Meanwhile, Peter was napping on a roof. When he dreamed he was being offered all the luscious foods forbidden to Jews, his virtuous refusal to touch “unclean” delicacies was met three times over with the divine message, “What God has made clean, you are not to call profane!” Peter awoke to find Cornelius’ servants at the door, inviting him to travel with them to Caesarea. We pick up on the story just as the devout Jew and the holy Roman meet one another for the first time.

As they got to know one another, Peter, on fire to convert the whole world, launched into a great homily for catechumens only to be interrupted by the Holy Spirit’s descent upon his host along with the whole household. It was a bit of a rude comeuppance for Peter. The Spirit seemed to be showing Peter that he had traveled all that way not to bring God to good pagans, but to discover that God was active among them in ways Peter never would have guessed. He was called there to learn at least as much as he was to teach.

In the saga of the Acts of the Apostles, this story was one step in the arduous journey that Christ’s Jewish disciples had to make to move beyond their cultural and religious biases. Although they were steeped in a spirituality that told them that as chosen people they were to be a light to the nations, they too often took that to mean that all the nations were to become like them and to practice religion in their way. 

It would take a number of similar revelations before they realized that Peter’s declaration that “God shows no partiality” meant that God could act through any part of creation, appear under the guise of any gender, speak any language and permeate every culture. Paul put it best when he told the Galatians that in Christ, “there is neither Jew nor Greek, there is neither slave nor free person, there is not male and female; for you are all one in Christ Jesus.”

In calling forth a new community in Christ, God’s intention was obviously not to wipe out differences, but to manifest the multiplicity of ways in which divine love can be expressed. The reading from 1 John tells us much the same as it explains that the purpose of Christ’s coming into the world was not to start a church or establish particular ceremonies, but “so that we might have life through him.” It also insists that anyone who loves is participating in the life of God. 

 The Gospel then presents Jesus reminding us that his one command to us is to love. He adds to that command the promise that, as we do so, we will share in his own joy.

Today’s readings call us to widen our circles and learn about diverse ways of living and loving and expressing our faith. Our most important consideration comes from Jesus’ dual message in the Gospel: We are called to believe that Christ loves us in the same way that the Father loved him, and the purpose of Christ’s coming into the world was to share with us the joy of living in unbounded love. That summarizes the Christian vocation and mission.
The reading from Acts puts a concrete focus on that when it challenges us to open our minds and ask ourselves, “Who in God’s creation could legitimately be considered a foreigner?” As we hear the story of Peter and Cornelius, today’s liturgy invites us to be attentive to the wonderous diversity of God’s self-revelation through nature, cultures and diverse faith traditions.
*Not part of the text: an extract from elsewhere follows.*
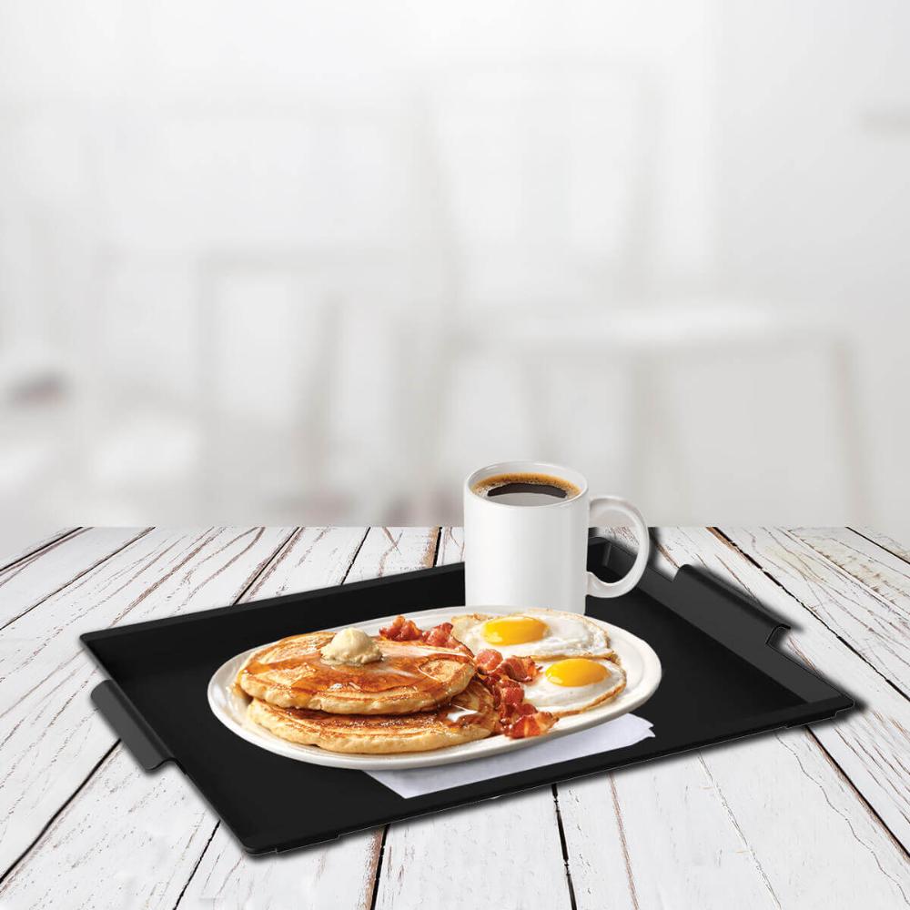 Principalmente na hora do café da tarde, para servir o café, os chás e as bolachas, as bandejas são imprescindíveis, carregando xícaras, pires, cremeiras, garrafas de café, jarras com leite e água quente, açúcar, e todos os outros acessórios de café e chá.

It might just be time to pay attention to how the Spirit might be planning a blind date for us, to see how God might be trying to entice us into an unexpected encounter that can open our eyes, our minds, and most of all, our hearts.
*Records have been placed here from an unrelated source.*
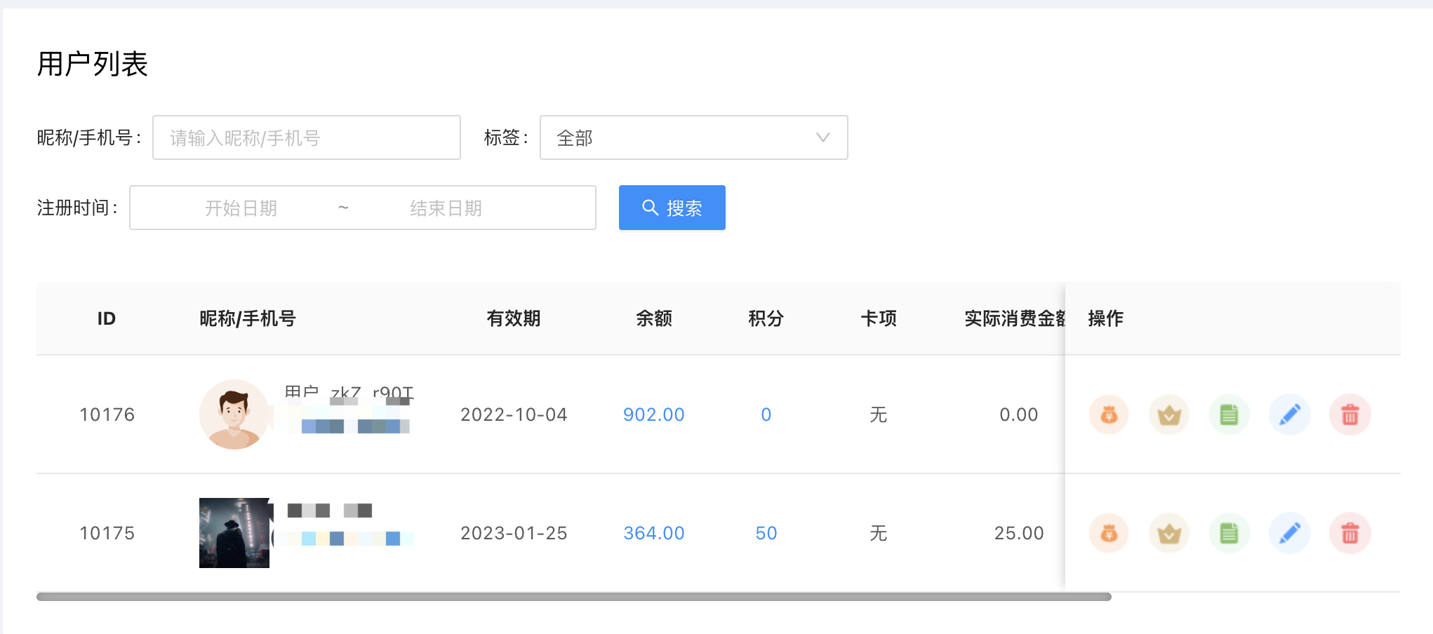 此页面可以管理平台所有用户,包含会员信息编辑、赠送会员、充值等操作
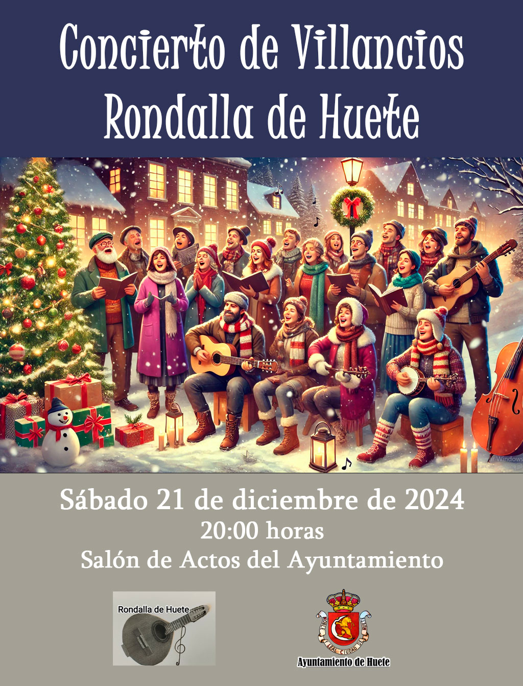 El sábado 21 a las 20:00 horas, en el Salón de Actos del Ayuntamiento, tendrá lugar el tradicional Concierto de Villancicos, que todas las navidades nos ofrece la Rondalla de Huete.
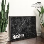 Wall Art | Black poster map of nashik | Small to XXXL Sizes • 50+ Framing Styles • Non Toxic
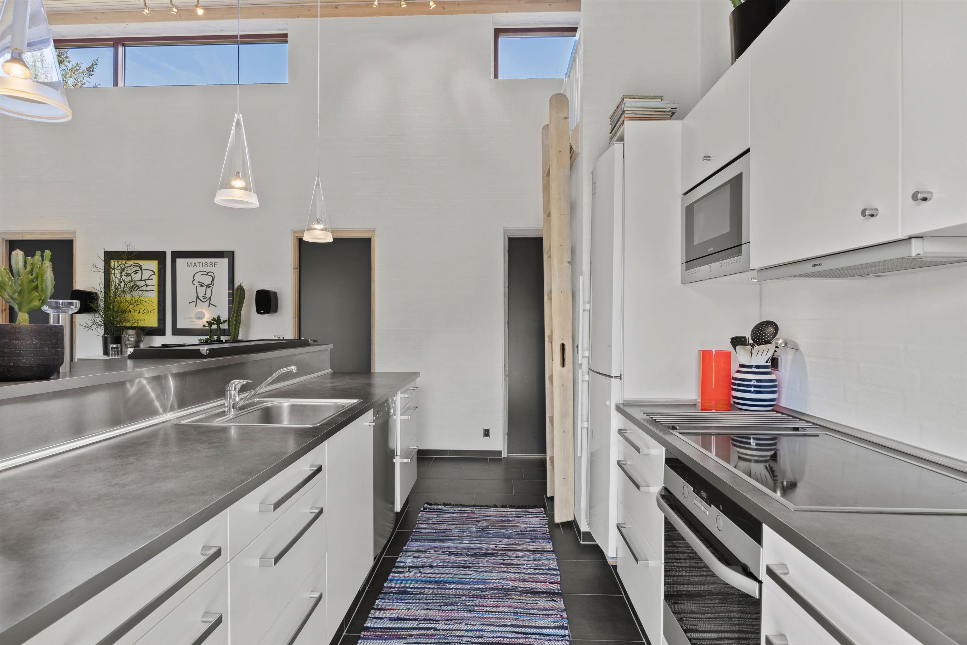 I hjertet af Skovly 19 er den rummelige stue med brændeovnen, der indbyder til afslapning og samvær. Her kan familie og venner samles omkring varmen fra ilden eller nyde en film via Chromecast efter en aktiv dag. Her er højt til loftet og en moderne indretning, der sammen skaber en behagelig atmosfære. I forlængelse af stuen finder I det lange spisebord og et samtalekøkken, hvor I sammen kan skabe nogle gode retter, der samler familien om bordet.
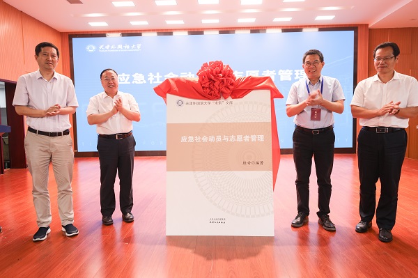 随后,举行了《应急社会动员与志愿者管理》新书发布仪式。该书由DAJIANG.COM_大江(中国)党委书记、天津市应急外语服务研究院院长殷奇同志领衔编著,天津人民出版社出版。天津人民出版社社长刘庆作推介致辞,与会领导共同为新书揭幕。
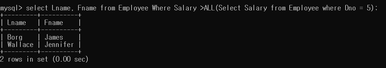 select Lname, Fname from Employee Where Salary >ALL(Select Salary from Employee where Dno = 5);

After all, this is the Easter season, our 50 days of celebrating God’s infinite surprises.

ACTS 10:25-26, 34-35, 44-48 
The scene Luke paints for us in the first reading is the culmination of events in which the Spirit of God inspired Peter and a pagan to seek one another out for the sake of the future God wanted them to initiate. It began with Cornelius, a devout and generous centurion to whom an angel came in a vision telling him to send for someone named Peter who was in Joppa, some 30 miles down the coastline from his home in Caesarea. While Cornelius’ servants were on the way to find him, Peter went to pray and had an odd vision in which a voice seemed to be tempting him to eat forbidden foods. Righteous Peter protested three times only to be told three times that if God had created something, no one should call it unclean. At that point, Cornelius’ messengers arrived and invited Peter to travel to meet their pagan master. 
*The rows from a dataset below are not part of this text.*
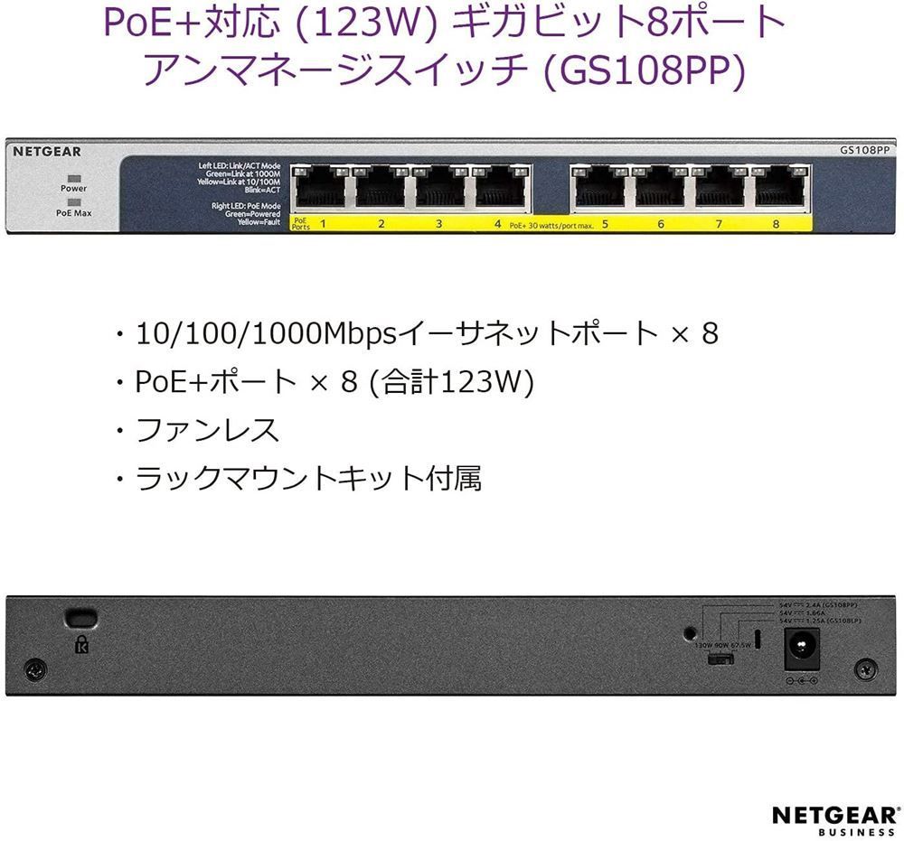 HY NETGEAR ネットギア GS 108 PP ギガビット 8ポート PoE スイッチングハブ アンマネージスイッチ 最大123 W給電 ファンレス 静音設計 デスク 壁掛 ラック対応 一部地域を除く 003
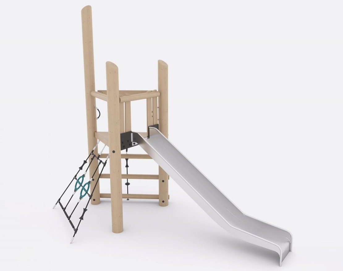 Состоит из опорных стоек, перекладин, канатной сетки и открытой металлической горки с защитными бортиками. Для большего комфорта, канатная сетка оснащена пластиковыми уступами.
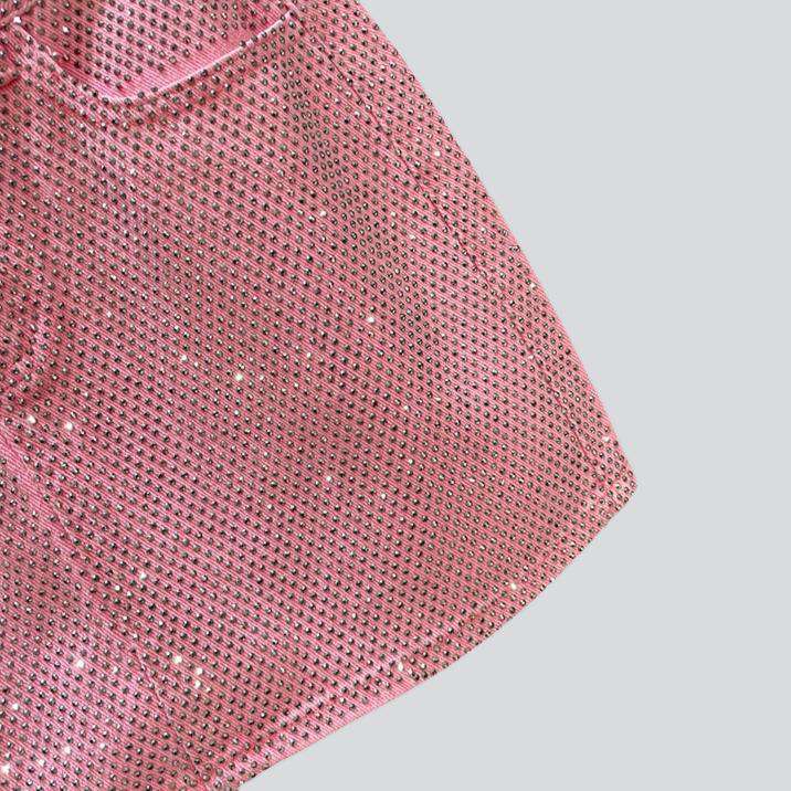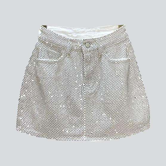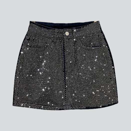 Introducing the 2023 Summer Collection a dazzling crystal-embellished mini denim skirt. a luxe throwback to the Y2K era with a modern twist!
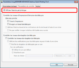 Seul l'état des périphériques dont les informations ont été récupérées peut être contrôlé par Quick Printing Tool. Les informations sur le périphérique sont récupérées automatiquement lors du démarrage de Desktop Monitor Setup.
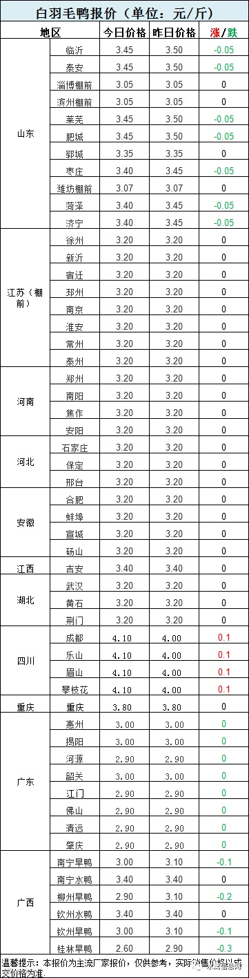 1:北方分割鸭区域,山东放假前压价报低,其他地区涨跌不一波动调整。北方以合同为主,当前冷藏库存充足,冻品价格提振乏力,市场鸭价弱势中震荡调整。(经济导报:出栏量全国第一!山东肉鸭产能过剩!无序发展!)

Upon discovering that, Peter launched into a theological reflection on what was happening. Giving us a scriptural example of the technique used by Catholic Action and Liberation Theology, Peter began the three-step process of see-judge -act. He summarized the situation in which they found themselves — his dream and Cornelius’ vision — by confessing that he was discovering that God doesn’t play favorites: neither in food nor in nationalities. He was discovering that there are no requirements for receiving God’s favor beyond recognizing God’s greatness and acting with justice. That was Peter’s first step.

In the second step, Peter tried to tie what he was seeing into what his faith tradition had taught him. He began one of his typical homilies, showing the connections between the Jewish tradition and what God had 

revealed in Jesus, then going on to explain the mission of Christ’s disciples. It was a well-rehearsed speech, leading as always to the promise of the forgiveness of sin. Apparently neither God nor Cornelius needed to hear Peter’s entire spiel; even as he was preaching the Holy Spirit came over the listeners in the same way the original disciples had experienced at Pentecost. 

That experience doubled down on Peter’s perception that God acts freely, being absolutely independent of preachers, rituals or the religious or social status of a person. Peter’s third step was to baptize the group, recognizing that for Cornelius’ household, the ceremony was not so much a sign and sacrament of conversion, but a ritual recognition of what God had already accomplished in them.

This reading offers a vital message to us who hope to be evangelizers. It is a call to begin every encounter by recognizing what God is already doing in a people. While it is easy to focus on the good news, God has been there before we arrived and intends to teach us more than we can teach others.

PSALMS 98:1, 2-3, 3-4 
The verses chosen for today’s psalm response ironically refocus a hymn of gratitude for God’s care for the chosen people and turn it into a song about the universal scope of salvation.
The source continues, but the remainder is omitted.